Activity
Please return the lines below verbatim, beginning at the one that has "Ispred RIK-a stigao" and stopping after the one that has "During the early", and add no other lines.

Records supplied

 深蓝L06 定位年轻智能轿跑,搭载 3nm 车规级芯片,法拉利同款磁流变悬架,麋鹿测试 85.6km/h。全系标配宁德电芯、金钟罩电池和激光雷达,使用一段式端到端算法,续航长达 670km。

==

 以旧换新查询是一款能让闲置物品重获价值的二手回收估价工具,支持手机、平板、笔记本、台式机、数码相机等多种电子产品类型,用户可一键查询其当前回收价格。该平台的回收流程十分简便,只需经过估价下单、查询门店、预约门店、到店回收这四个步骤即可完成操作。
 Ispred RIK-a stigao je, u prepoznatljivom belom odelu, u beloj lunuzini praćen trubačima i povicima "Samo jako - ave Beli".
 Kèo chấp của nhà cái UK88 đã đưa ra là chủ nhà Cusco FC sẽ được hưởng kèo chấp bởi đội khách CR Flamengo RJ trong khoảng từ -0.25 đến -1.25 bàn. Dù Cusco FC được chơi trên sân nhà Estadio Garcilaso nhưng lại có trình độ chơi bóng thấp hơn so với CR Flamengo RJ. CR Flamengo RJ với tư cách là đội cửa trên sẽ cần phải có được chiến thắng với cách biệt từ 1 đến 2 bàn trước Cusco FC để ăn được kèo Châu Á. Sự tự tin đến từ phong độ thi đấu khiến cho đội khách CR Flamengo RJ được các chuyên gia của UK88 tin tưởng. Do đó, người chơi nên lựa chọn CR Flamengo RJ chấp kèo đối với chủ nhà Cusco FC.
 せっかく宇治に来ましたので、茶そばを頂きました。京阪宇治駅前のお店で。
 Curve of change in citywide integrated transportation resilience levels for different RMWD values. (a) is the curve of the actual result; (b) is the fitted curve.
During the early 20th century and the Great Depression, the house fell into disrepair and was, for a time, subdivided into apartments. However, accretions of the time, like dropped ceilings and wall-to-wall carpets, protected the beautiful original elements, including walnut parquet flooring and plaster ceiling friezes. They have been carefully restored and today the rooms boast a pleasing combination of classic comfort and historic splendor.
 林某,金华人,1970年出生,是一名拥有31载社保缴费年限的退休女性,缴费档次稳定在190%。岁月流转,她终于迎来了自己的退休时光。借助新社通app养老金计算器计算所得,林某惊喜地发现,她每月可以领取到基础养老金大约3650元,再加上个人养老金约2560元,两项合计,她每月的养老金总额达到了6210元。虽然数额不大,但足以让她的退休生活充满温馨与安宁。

--

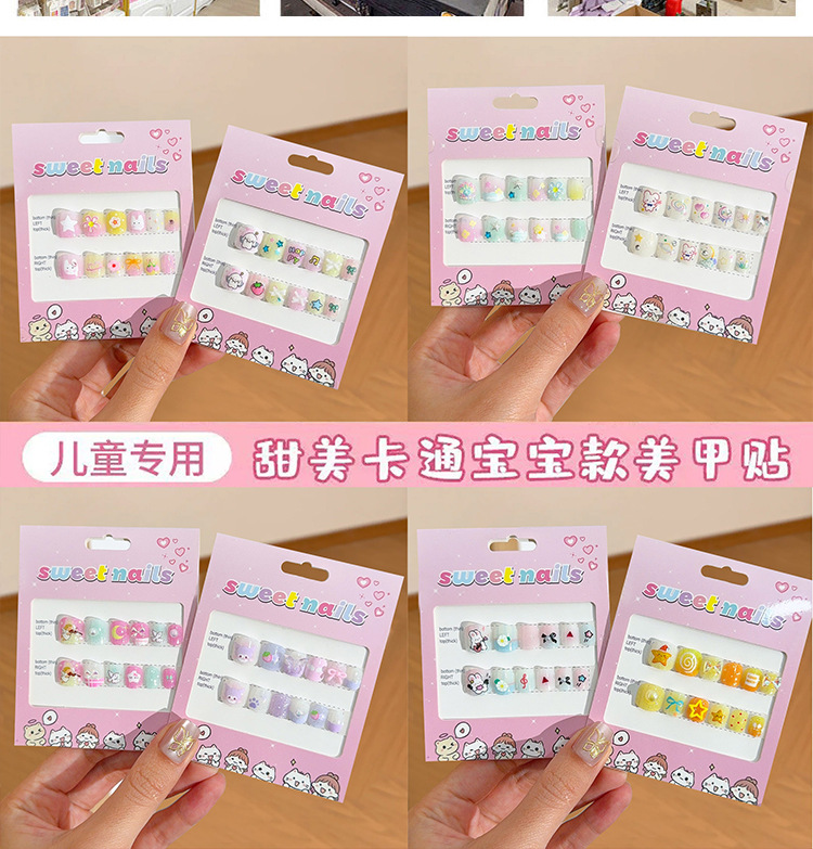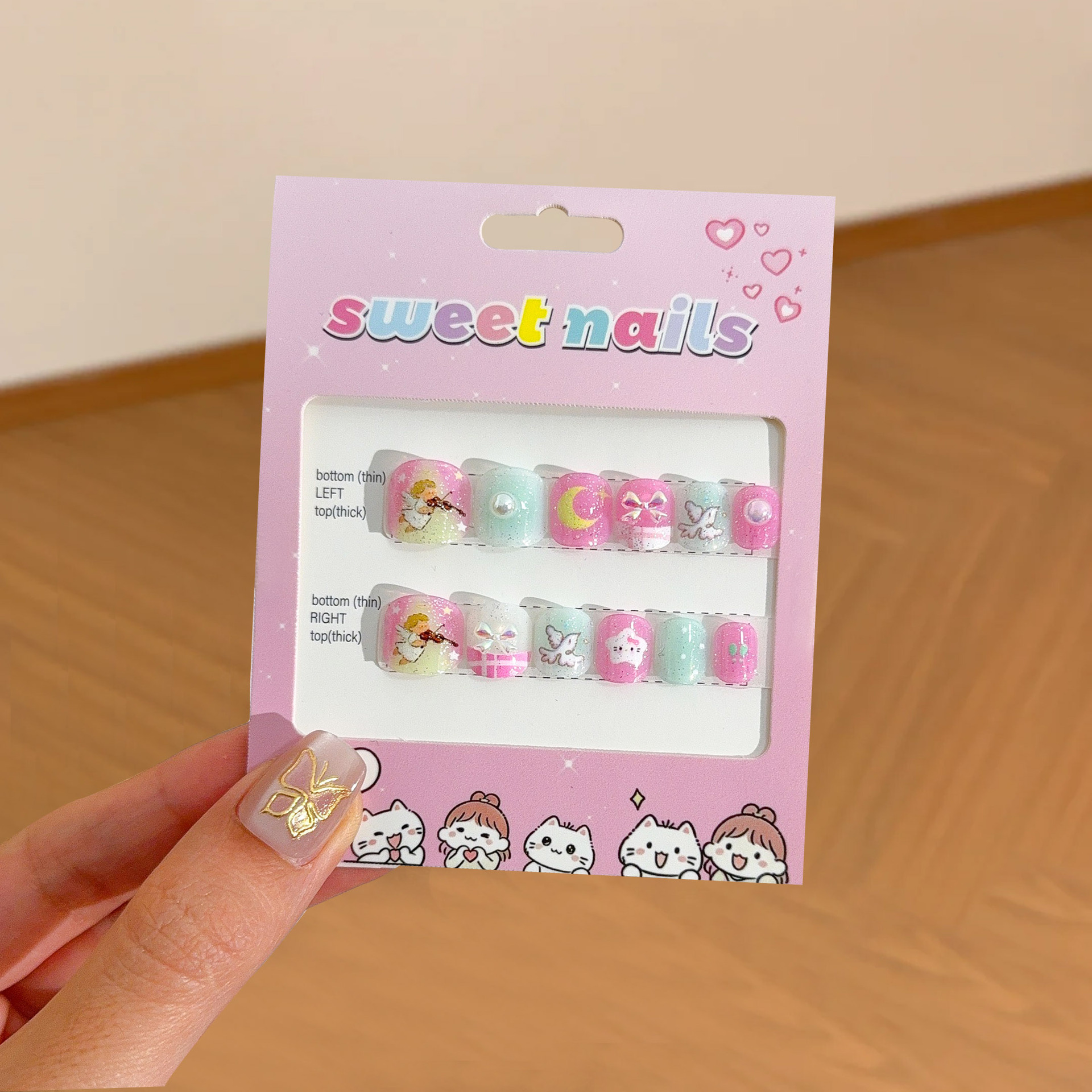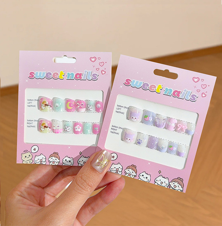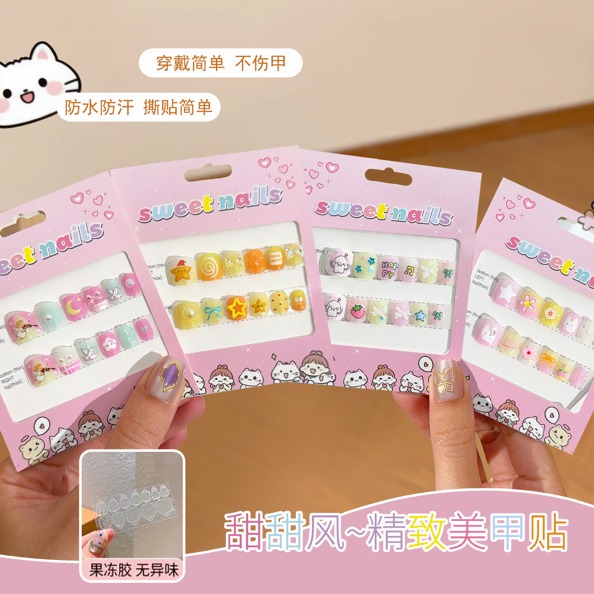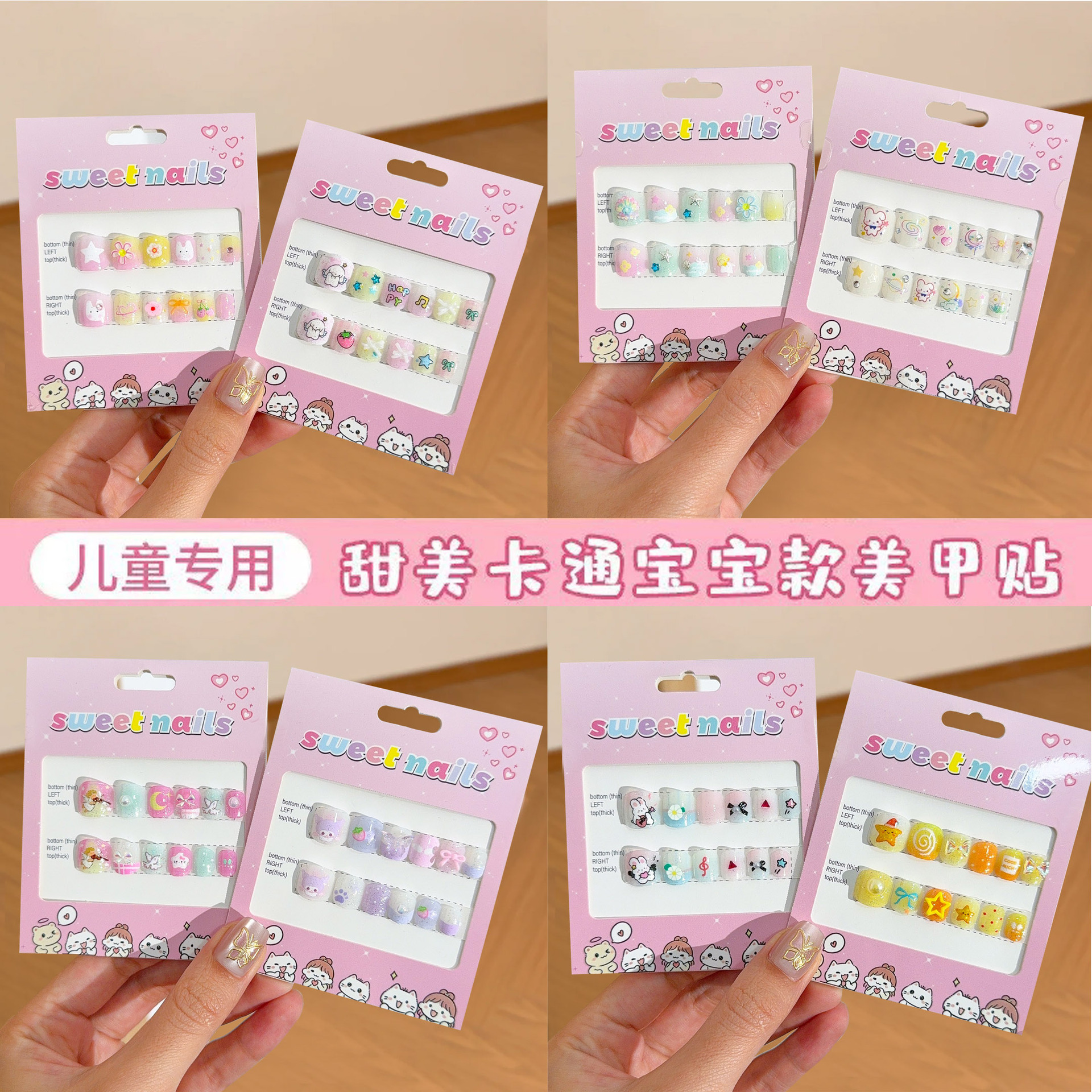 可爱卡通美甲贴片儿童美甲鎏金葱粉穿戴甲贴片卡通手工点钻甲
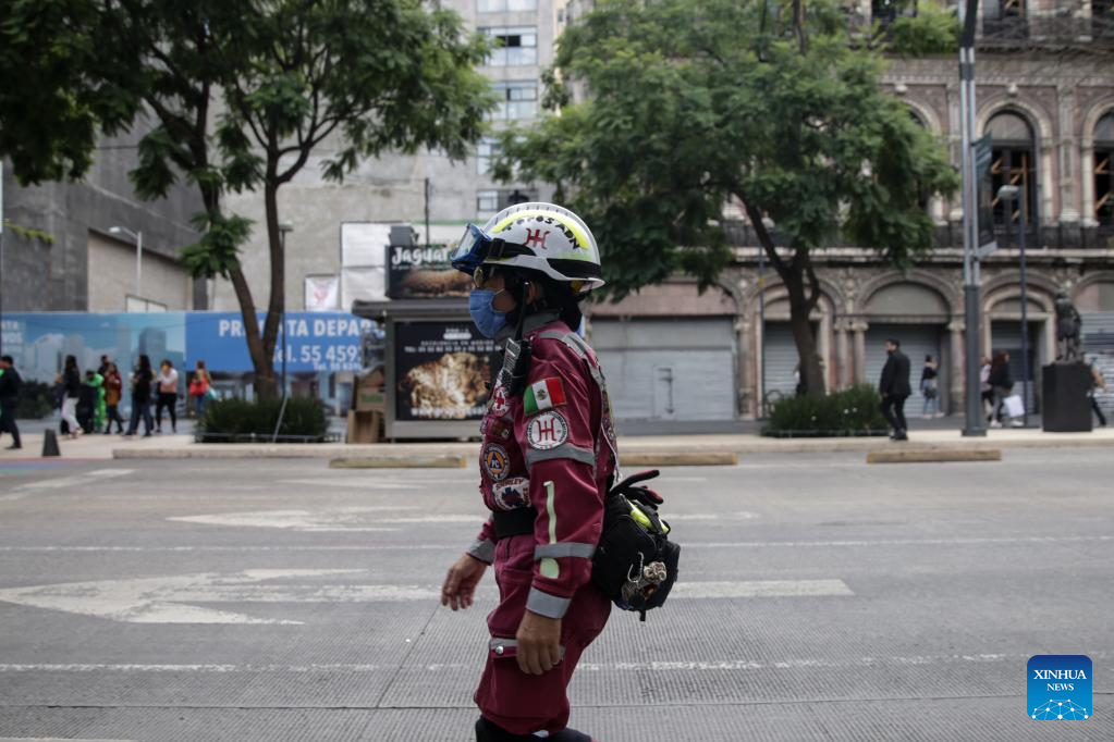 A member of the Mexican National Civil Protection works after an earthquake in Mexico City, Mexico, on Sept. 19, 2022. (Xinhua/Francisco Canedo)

Result of the exercise
 Ispred RIK-a stigao je, u prepoznatljivom belom odelu, u beloj lunuzini praćen trubačima i povicima "Samo jako - ave Beli".
 Kèo chấp của nhà cái UK88 đã đưa ra là chủ nhà Cusco FC sẽ được hưởng kèo chấp bởi đội khách CR Flamengo RJ trong khoảng từ -0.25 đến -1.25 bàn. Dù Cusco FC được chơi trên sân nhà Estadio Garcilaso nhưng lại có trình độ chơi bóng thấp hơn so với CR Flamengo RJ. CR Flamengo RJ với tư cách là đội cửa trên sẽ cần phải có được chiến thắng với cách biệt từ 1 đến 2 bàn trước Cusco FC để ăn được kèo Châu Á. Sự tự tin đến từ phong độ thi đấu khiến cho đội khách CR Flamengo RJ được các chuyên gia của UK88 tin tưởng. Do đó, người chơi nên lựa chọn CR Flamengo RJ chấp kèo đối với chủ nhà Cusco FC.
 せっかく宇治に来ましたので、茶そばを頂きました。京阪宇治駅前のお店で。
 Curve of change in citywide integrated transportation resilience levels for different RMWD values. (a) is the curve of the actual result; (b) is the fitted curve.
During the early 20th century and the Great Depression, the house fell into disrepair and was, for a time, subdivided into apartments. However, accretions of the time, like dropped ceilings and wall-to-wall carpets, protected the beautiful original elements, including walnut parquet flooring and plaster ceiling friezes. They have been carefully restored and today the rooms boast a pleasing combination of classic comfort and historic splendor.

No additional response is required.